次日天色蒙蒙亮,徐若瑾便起了,悠悠也很是雀跃,将正打算睡个懒觉的梁霄给闹了起来。
“爹爹,快起来了,咱们要去瞧阿离啦。”
徐若瑾低声朝悠悠道:“悠悠,不要吵着他休息,咱们去就是了。”
悠悠眨了眨眼,也刻意学得压低了嗓音,低声道:“娘亲,阿离要醒了吗?”
徐若瑾想起那无辜的孩子心疼得紧:“肯定会醒的,咱们去看看就知道了。”
徐若瑾牵着悠悠便要出去,梁霄趴在床上,瞧着徐若瑾喃喃道:“媳妇,媳妇??”
见他这么嚎,徐若瑾忙又进了屋:“没发烧啊,怎么还在睡?”
梁霄的脑袋顺势靠在她的腿上,有些吃味:“我身体这么好,怎么可能发烧。”
“那你怎么还不起。”
徐若瑾哭笑不得,银花已经将他的衣袍备好了,可是偏偏这位爷就是不起来,而徐若瑾也是心疼他,先前征战连个觉都不曾好好睡过,如今终于得了空了,自是要好好让他休息休息的。

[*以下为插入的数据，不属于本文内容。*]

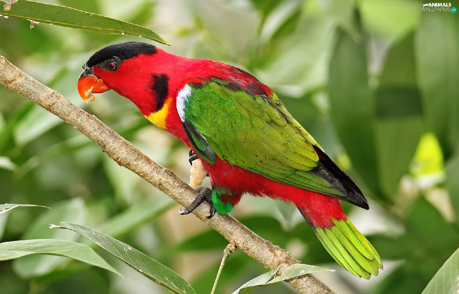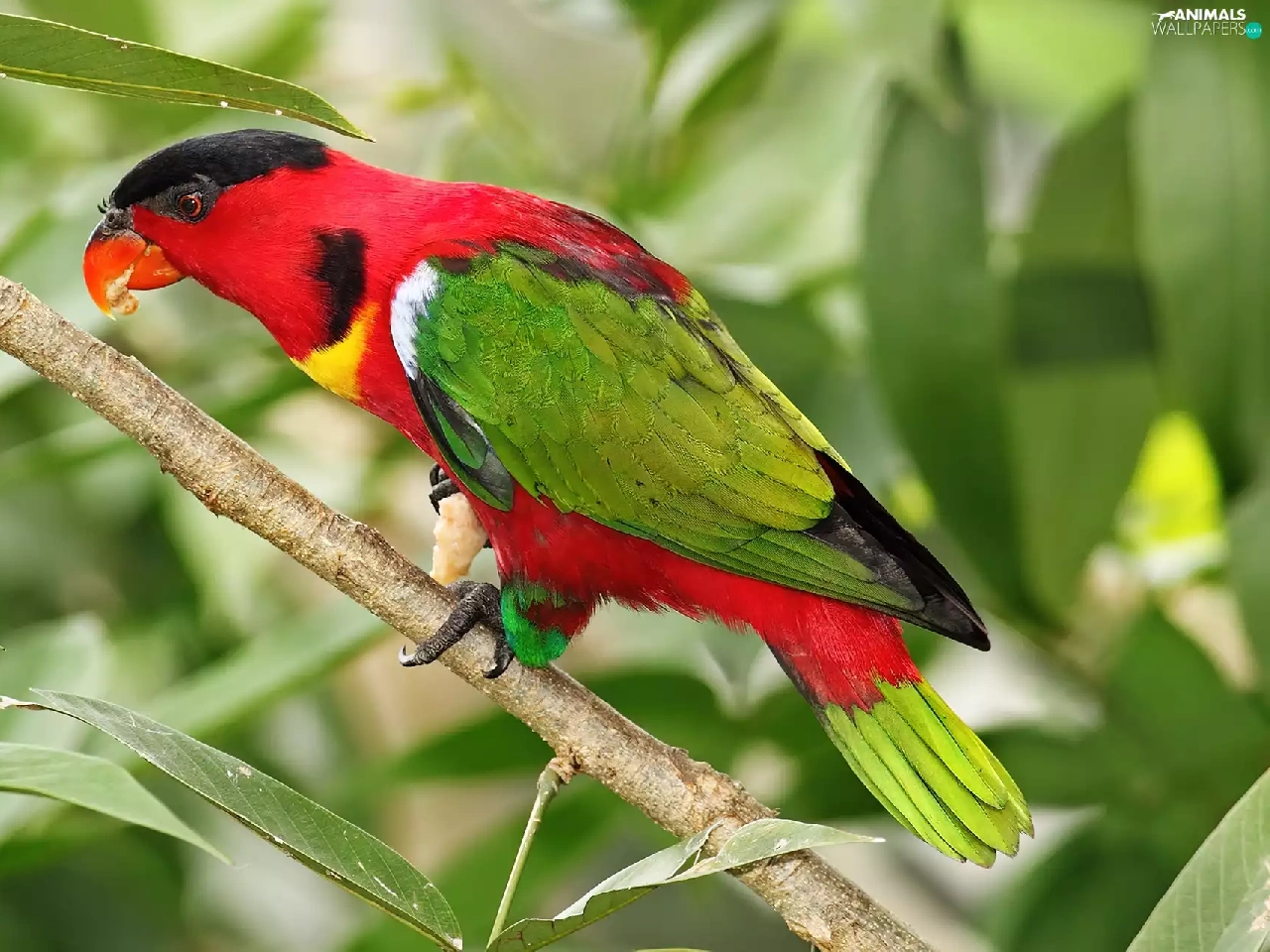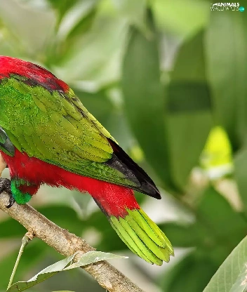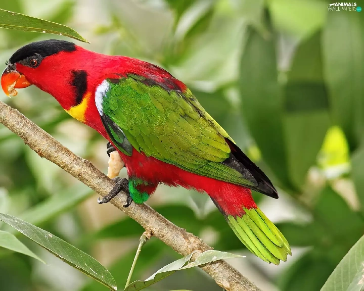 Coloured, twig, leaves, parrot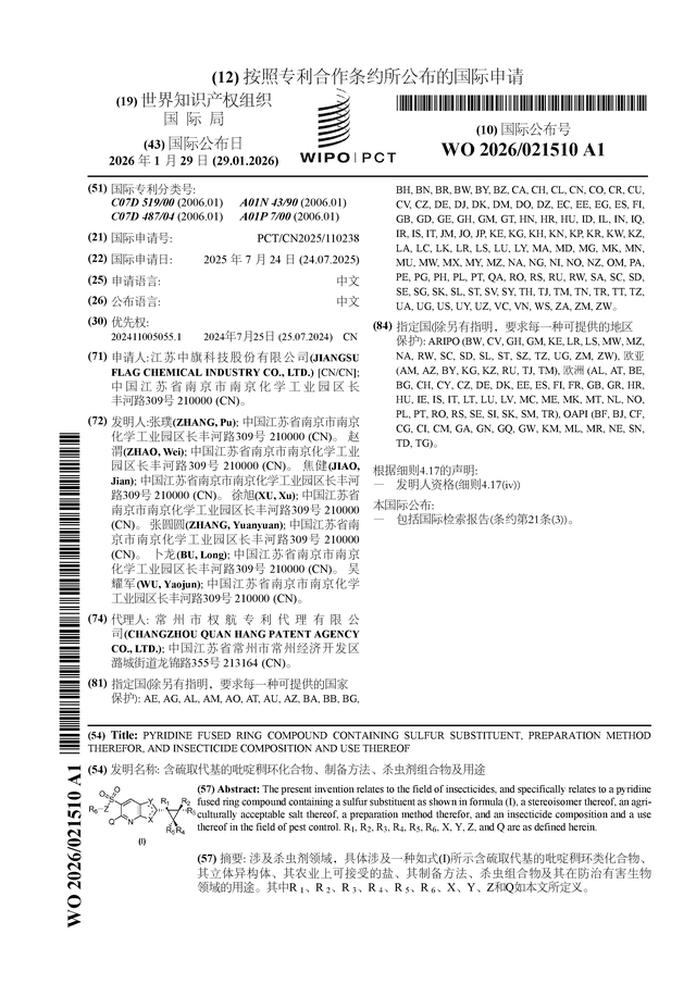 证券之星消息,根据企查查数据显示中旗股份(300575)公布了一项国际专利申请,专利名为“含硫取代基的吡啶稠环化合物、制备方法、杀虫剂组合物及用途”,专利申请号为PCT/CN2025/110238,国际公布日为2026年1月29日。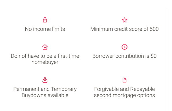 ***Down Payment Assistance is available at 3.5% or up to 5% of Total Purchase Price (as set forth on the Closing Disclosure) and is offered in the form of a Conventional fixed rate mortgage. Second lien options are repayable or forgivable, in conjunction with a 30-year fixed-rate FHA first mortgage. The amount of assistance can be used towards borrower’s minimum required investment, closing costs, prepaid items, or any combination of the three. Forgivable second lien option is forgiven after 36 consecutive on-time payments are made on the first lien. 5% forgivable second lien option is not available for high-balance FHA loan limits. Borrower must meet program guidelines. Loan limits, terms, and conditions apply.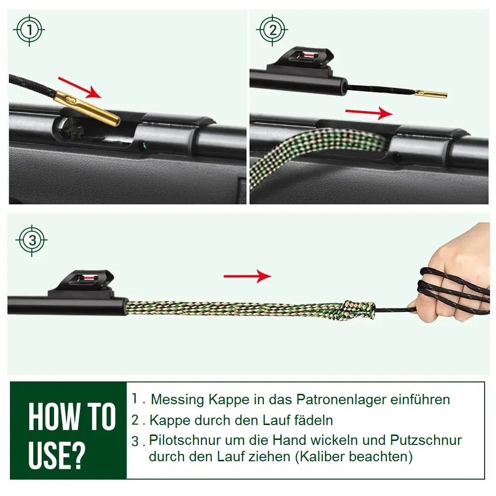 Die Putzschnur ermöglicht es Ihnen, Ihre Kurz- und Langwaffenläufe mühelos zu reinigen. Die Messingkappe wird einfach von hinten durch den Lauf gefädelt, die Pilotschnur fest gegriffen und die Putzschnur durch en Lauf gezogen.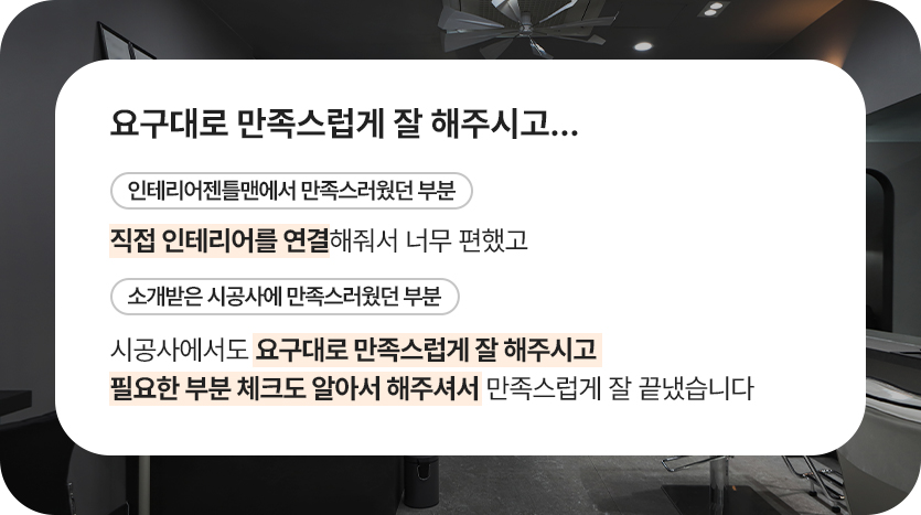 | [인테리어젠틀맨] 9평 광진구 아워어스 헤어샵 인테리어 리모델링 고객 후기 (2) | 2025.10.20 |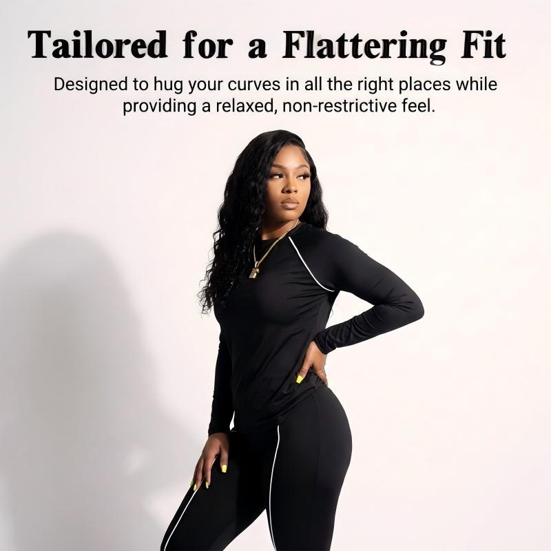 CONTRASTING SIDE STRIPES - Create a slimming, elongated silhouette while adding a modern, athletic touch. This thoughtful design detail visually lengthens your frame and enhances the overall sporty-chic aesthetic of the outfit.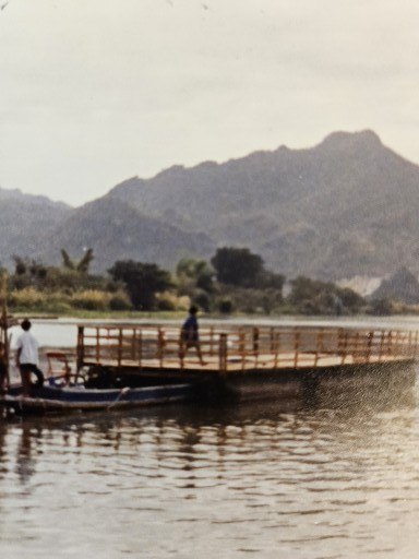 This photo was taken at River Kwai in Thailand. I was standing on the infamous Bridge over the River Kwai when I took this photo. It is known as the “Death Bridge” because it was built by the Japanese during World War II. The Japanese army used POWs and Asian slave laborers to build the bridge. The trains were transporting cargo into Myanmar to support the Japanese troops who were occupying Eastern Thailand, Myanmar, and China, and were preparing to invade India. Something like 100,000 POWs and slave laborers died while building the railway. When I visited, I rented a bike in Kanchanaburi and crossed the bridge on foot while walking the bike. After passing an area where elephants were kept, I rode the bike to a cave temple called Wat Tham Khao Pun which was used by the Japanese as a military hospital during World Way II. Anybody can visit the extensive cave complex (nine unique cave chambers have individual shrines with Buddha statues) from 0900 until 1930 everyday. On Sunday, it is actually open from 0730 until midnight. The entrance fee is 30 Bhat. The distance from Kanchanaburi to Wat Tham Khao Pun is about five miles or six kilometers. It made the bike ride exquisitely beautiful.

若是在往日里,那梁霄定是早早的就起床练剑去了,用他的话来说,如今外出征战的虽然不是他,可这强身健体的武艺不能废.
梁霄猛的将她拉到了怀里,低压着嗓音:“我想跟你一起晚起。”
徐若瑾哭笑不得,不知道这是打哪里学来的:“你近来可与什么人接触了?怎么学了这么一个油腔滑调的?”
梁霄晃了晃头,坐起身来,替她将发饰正了正,眸底是一片宠溺:“宠你哄你,这些都不用学,这是与生俱来的本事。”
徐若瑾取了衣袍过来,给他穿。
悠悠见徐若瑾许久不曾出来,就进去找,刚进去就见徐若瑾正帮梁霄系衣带,梁霄悄悄低头在她的发间亲了亲,脸上全是宠溺与满足。
悠悠撇了撇嘴:“爹爹娘亲,羞羞羞。”
银花听了声音走了进来,扫了一圈也没瞧见什么不能看的画面,便朝悠悠道:“小姐,奴婢先带你过去看阿离好不好?”
“我们走,不等他们!”
悠悠跟着银花离开,徐若瑾替梁霄系好了带子。
梁霄在她额上亲了亲,笑盈盈道:“有劳媳妇。”
徐若瑾面色红若朝霞,整个人散发出一股少女般的气息,让人不得不佩服爱情的伟大。
它会使一个女人变得温柔如水,也可以使一个女人变得凶悍冷漠,而这些都要处决于那个将她娶回家的男人,是否一如既往的宠爱她。
梁霄领着徐若瑾出了里间,见她要往外走,又将人拉住。
“天越发的冷了,我差人制了件羽衣披风,你试试,听人说这衣薄如羽毛,可是却是极暖和的。”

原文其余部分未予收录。